Nor has time lessened her bitterness toward the political and religious opponents she holds responsible for the assassination of Prime Minister Yitzhak Rabin.

Speaking in a trembling voice at a dinner Saturday night hosted by the Friends of Sheba Medical Center in Israel, Rabin said the personal vacuum left by her husband’s murder “is constantly growing.”

She recalled that as she departed the Nov. 4 peace rally in Tel Aviv, minutes before her husband’s assassination, a bystander called out, “Leah, take good care of him.”

Rabin added sadly, “I guess I didn’t take good care of him.”

With obvious anger, Rabin recalled the weekly street demonstrations outside her home, with people shouting at the “traitor” Rabin and promising to give him “a trial, a Nuremberg trial.”

She described confessed assassin Yigal Amir as “a Jew who defines himself as a God-lover.”

Wherever she has gone in the last two months, Rabin said, “I have found a immense need to commemorate Yitzhak.”

Rabin, who serves as international president of Friends of Sheba Medical Center, received the organization’s first Yitzhak Rabin Award.

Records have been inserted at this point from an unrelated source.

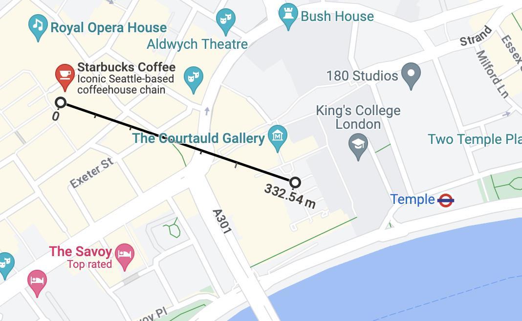 Right click on the location of your nearest Starbucks and click 'measure distance’. NB: you can find a map of all Starbucks stores here.
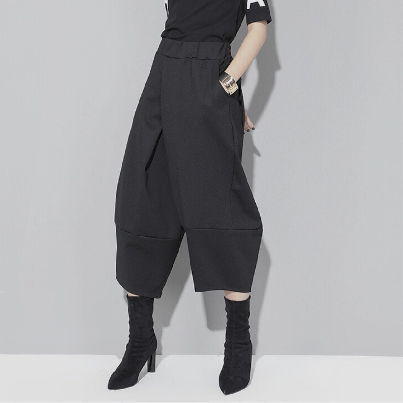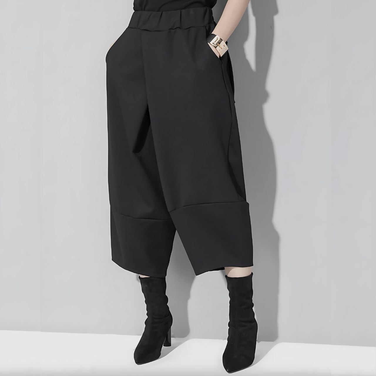 ワイドレッグのデザインとミドル丈で、スタイリッシュなルックスを演出します。
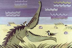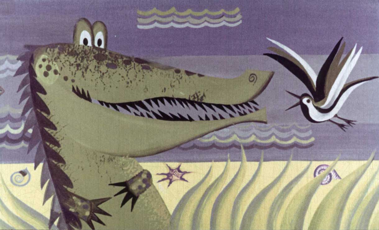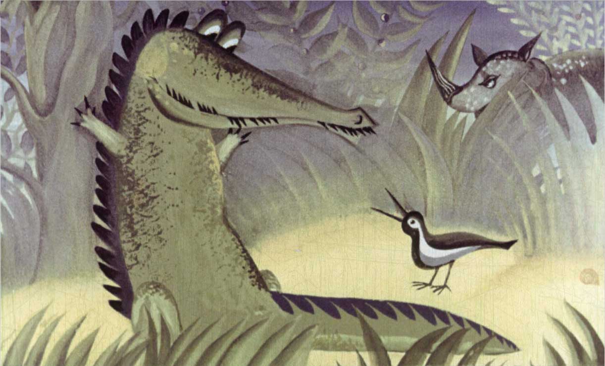 И тут птичка Тари, маленькая, белая с черным птичка, ростом чуть побольше голубя и чуть поменьше пигалицы, сделала такую удивительную вещь, что все ахнули. Она смело подлетела прямо к страшной пасти Крокодила, к самому его носу, и скомандовала:
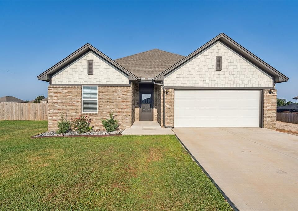 Immaculate 3 bed, 2 bath home with 1,500+ sq. ft. open floor plan. Features GE kitchen appliances, spacious primary suite with walk-in closet, 2-car garage with in-ground storm shelter, large backyard, and wood privacy fence. Corner lot in Falcon Point, family-friendly neighborhood with quick access to I-40 and Hwy 9. Approx. 35-minute drive to Edmond.
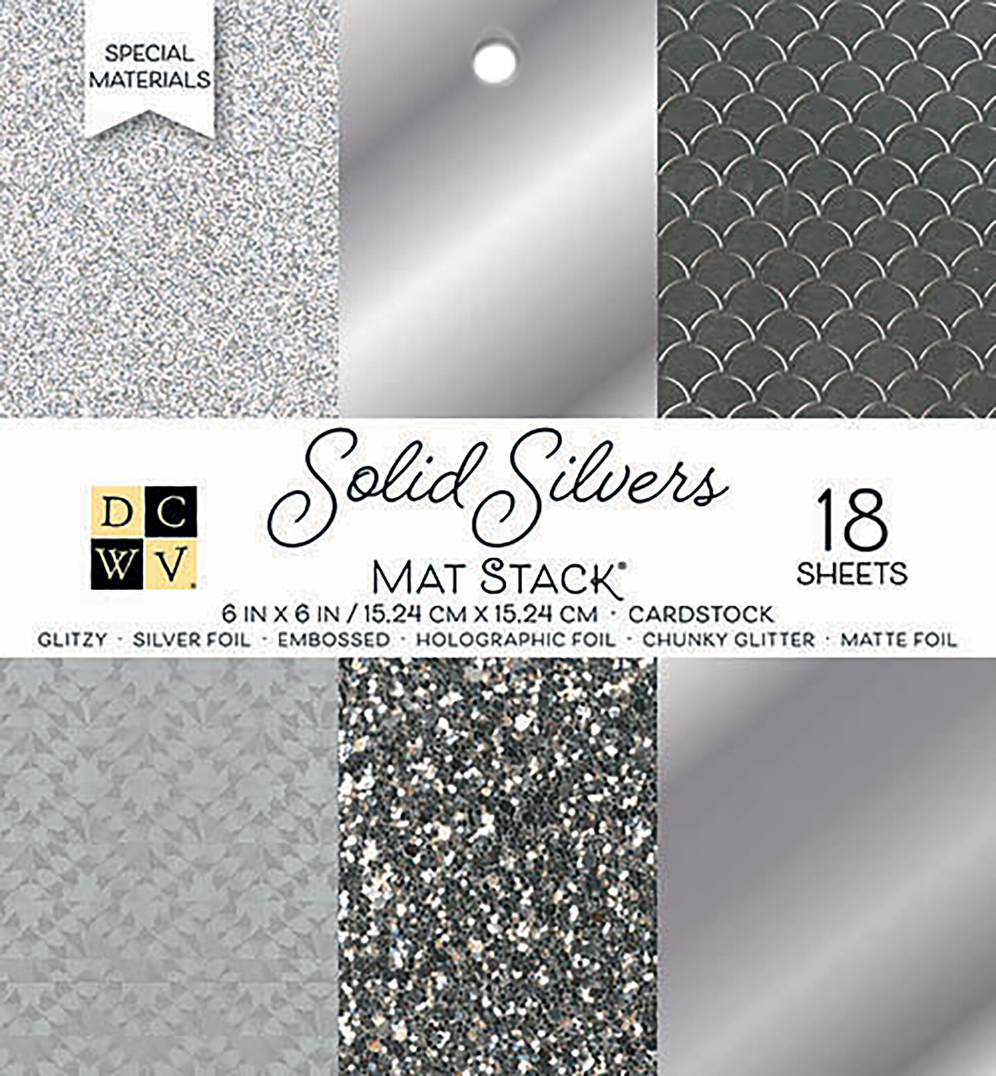 DCWV Single-Sided Cardstock Stack 6"X6" 18/Pkg-Solid Silvers Glitter & Foil, 6 Designs
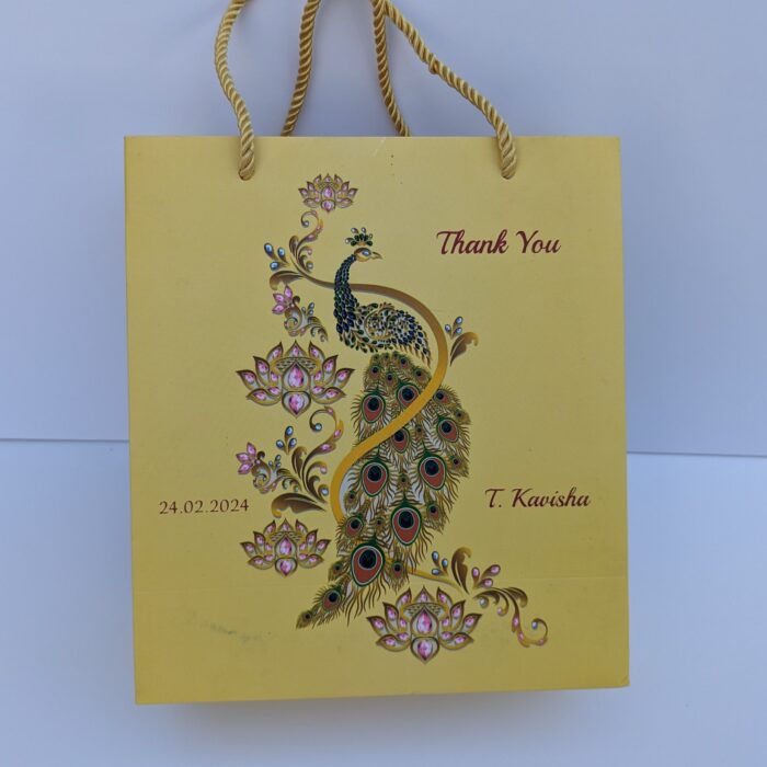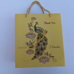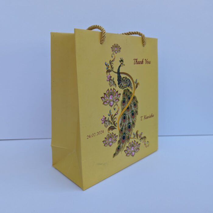Digital peacock design gift bag –Digital peacock design bag is one of our beautiful designs. These beautiful personalized gift bags are crafted out of very fine quality metallic card stock, with gold rope used as handles. Text and design printed on the bag is totally customizable. The printing on this bag is digital designs. Hence the price reflects the luxury finishing. Minimum Order Quantity:100
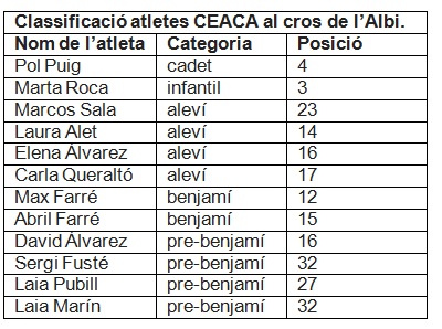 A continuació podeu consultar la classificació dels atletes del CEACA que van participar al cros de la Pobla de Segur:
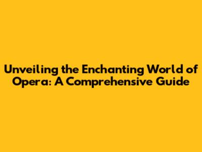 Unveiling The Enchanting World Of Opera: A Comprehensive Guide
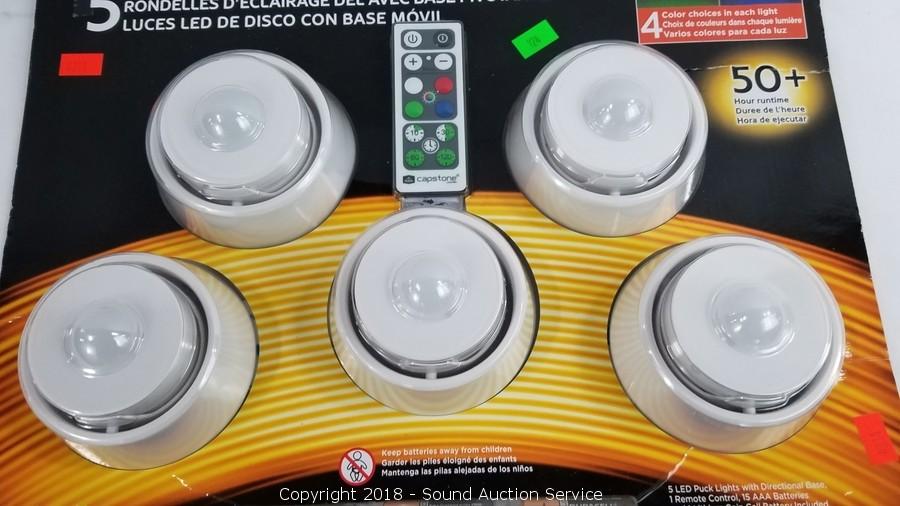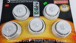 Comes in original packaging. Comes with 5 puck lights, 5 bases, remote control and batteries.
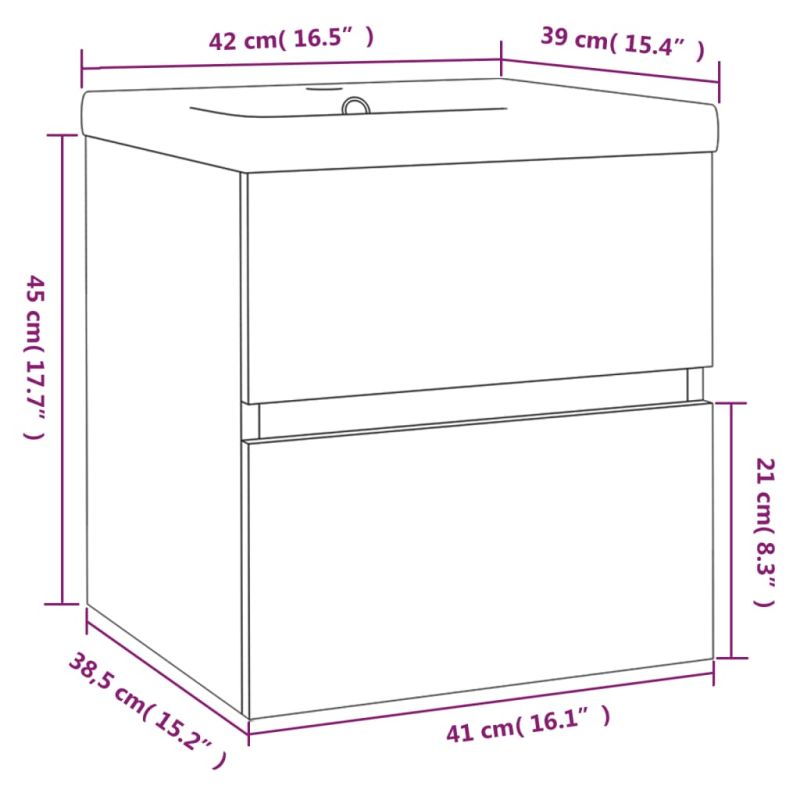Шкаф за мивка с вградена мивка, опушен дъб, инженерно дърво
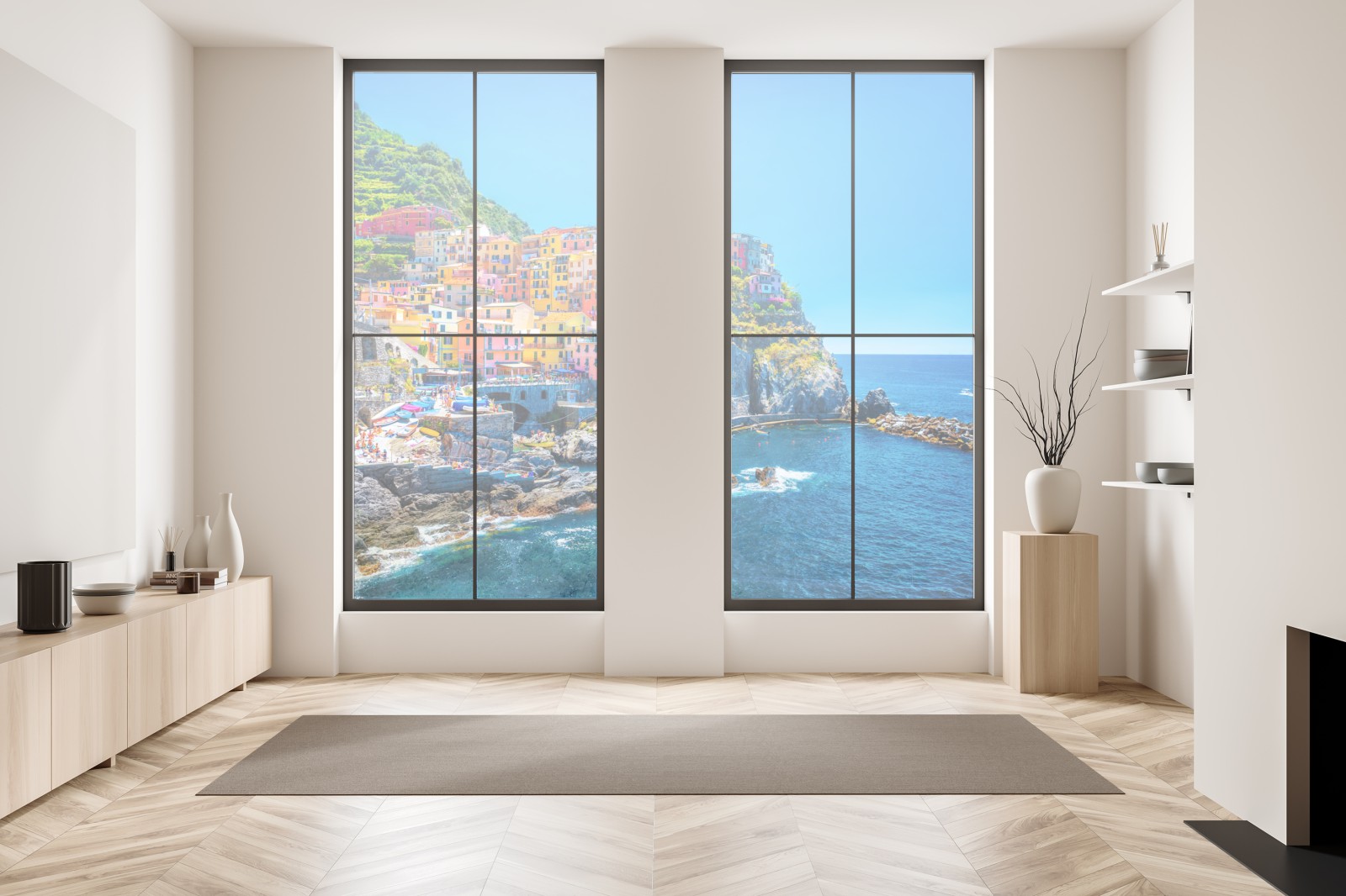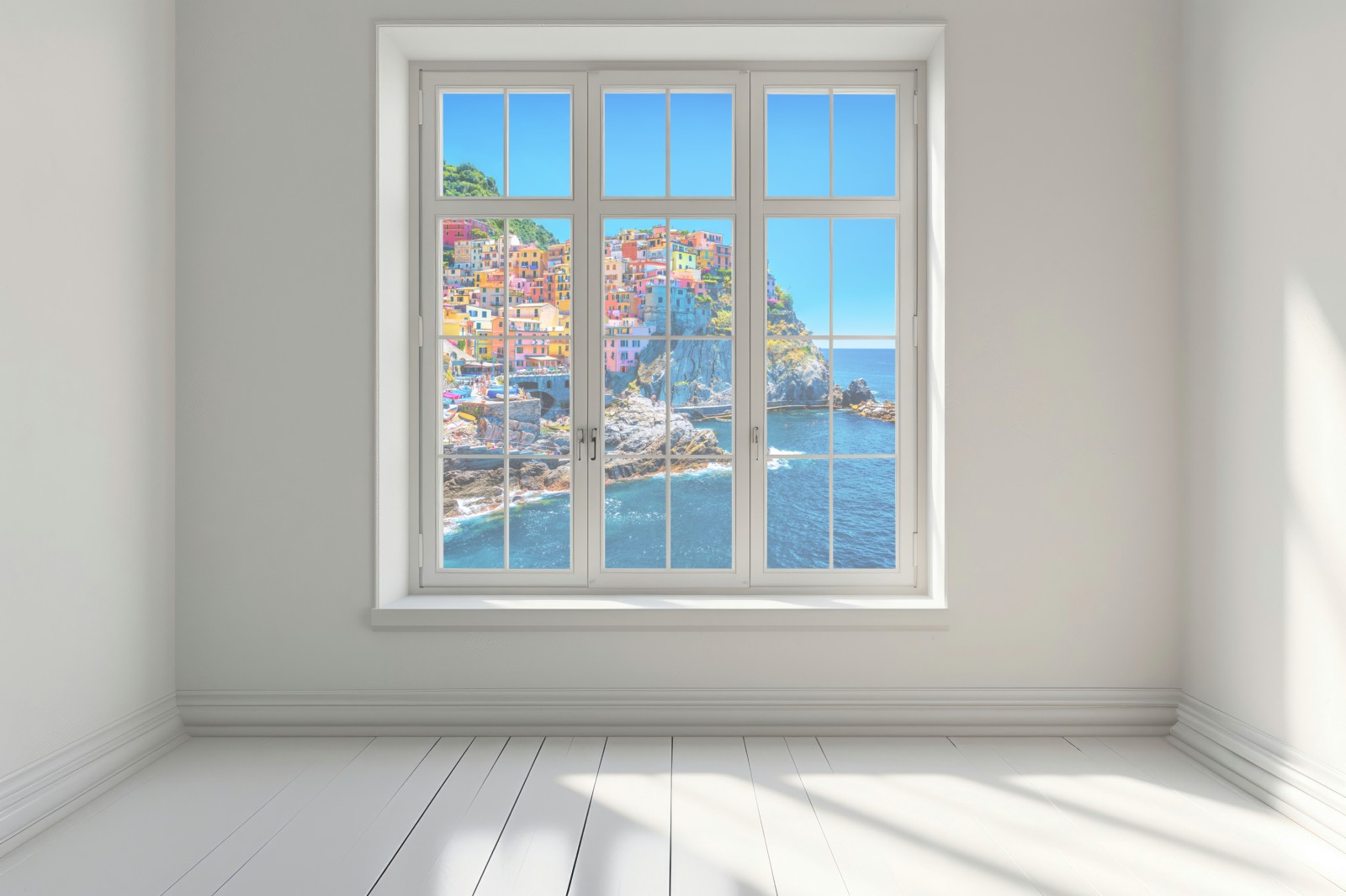 Lebendige Panoramaufnahme eines bunten Küstendorfs auf steilen Klippen, die sonnige Reiseatmosphäre und kräftige Farben in ihr Interieur bringt.
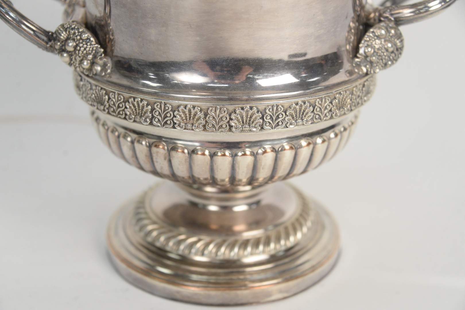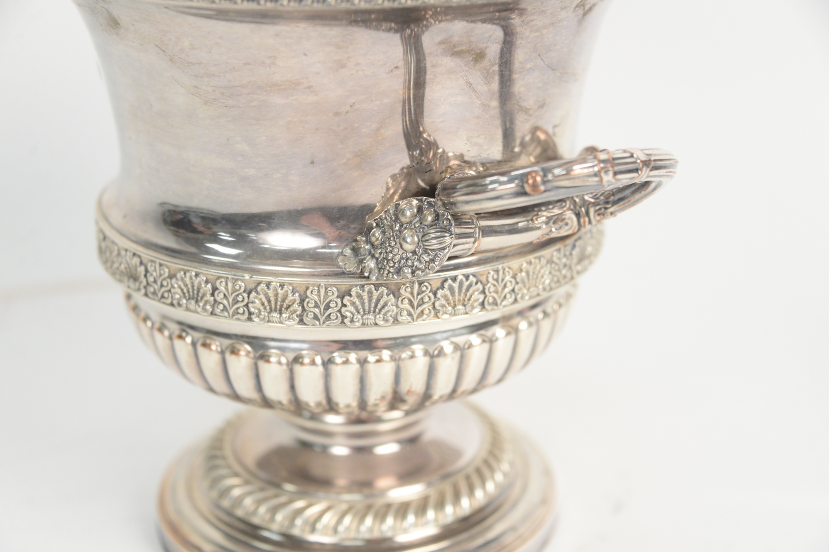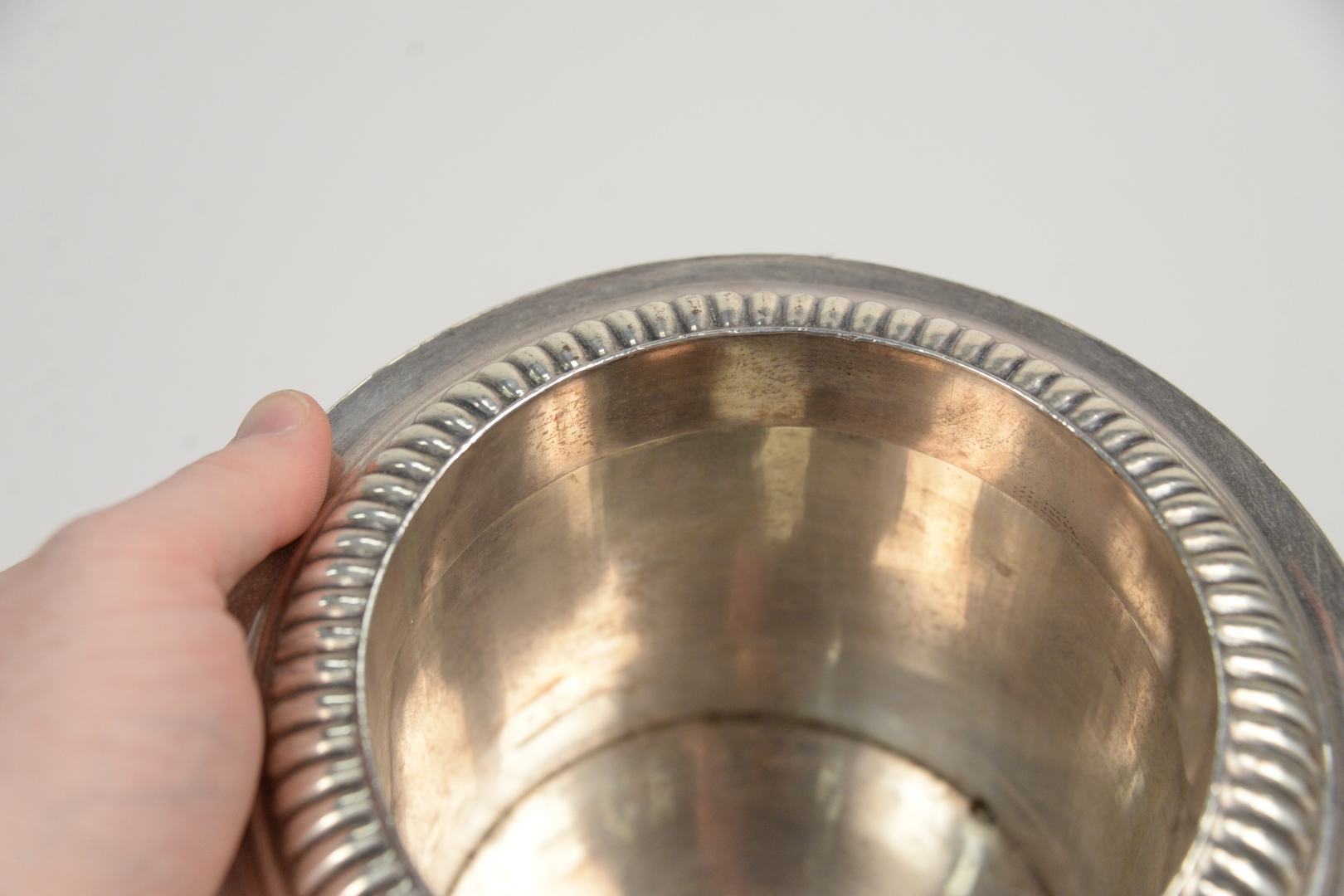 Lot 39: Sheffield Silver Plated Wine Cooler with two handles, height 9 1/2 inches. Provenance: From a Newport, Rhode Island historic home, in the same family since 1761.
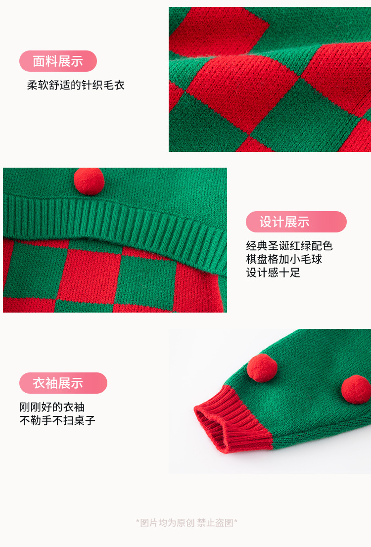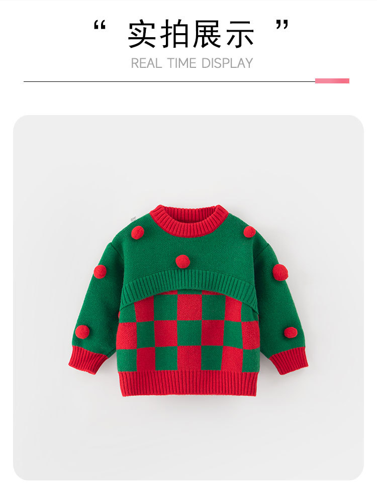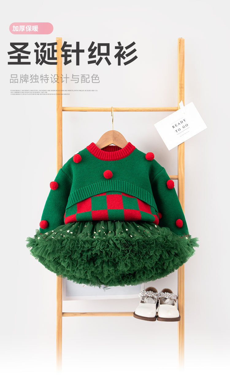 女童圣诞毛衣秋冬新款红色宝宝冬季加厚打底网红儿童圣诞节套头衫
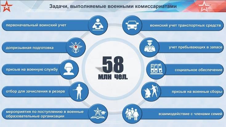 В годы Гражданской войны и иностранной интервенции военные комиссариаты проделали большую работу по набору в Красную Армию добровольцев, изысканию призывных ресурсов, организации учета годных к военной службе контингентов, подготовке военно-учебных резервов.

Two projects at the hospital, the largest in the Middle East, were announced at the dinner, both honoring the late prime minister’s memory.

One is the construction of an International Wall of Peace. The other is the establishment of a rehabilitation center, with pediatric, geriatric and psychiatric facilities.

After Rabin visited the Simon Wiesenthal Center’s Museum of Tolerance on Sunday, Rabbi Marvin Hier, the center’s dean, said the center’s film division hoped to produce a documentary on the life of Yitzhak Rabin.

Another possible project would be the establishment of a Museum of Tolerance in Jerusalem, focusing on the 21st century and the question of whether Jews can live peacefully with each other in the absence of an external enemy.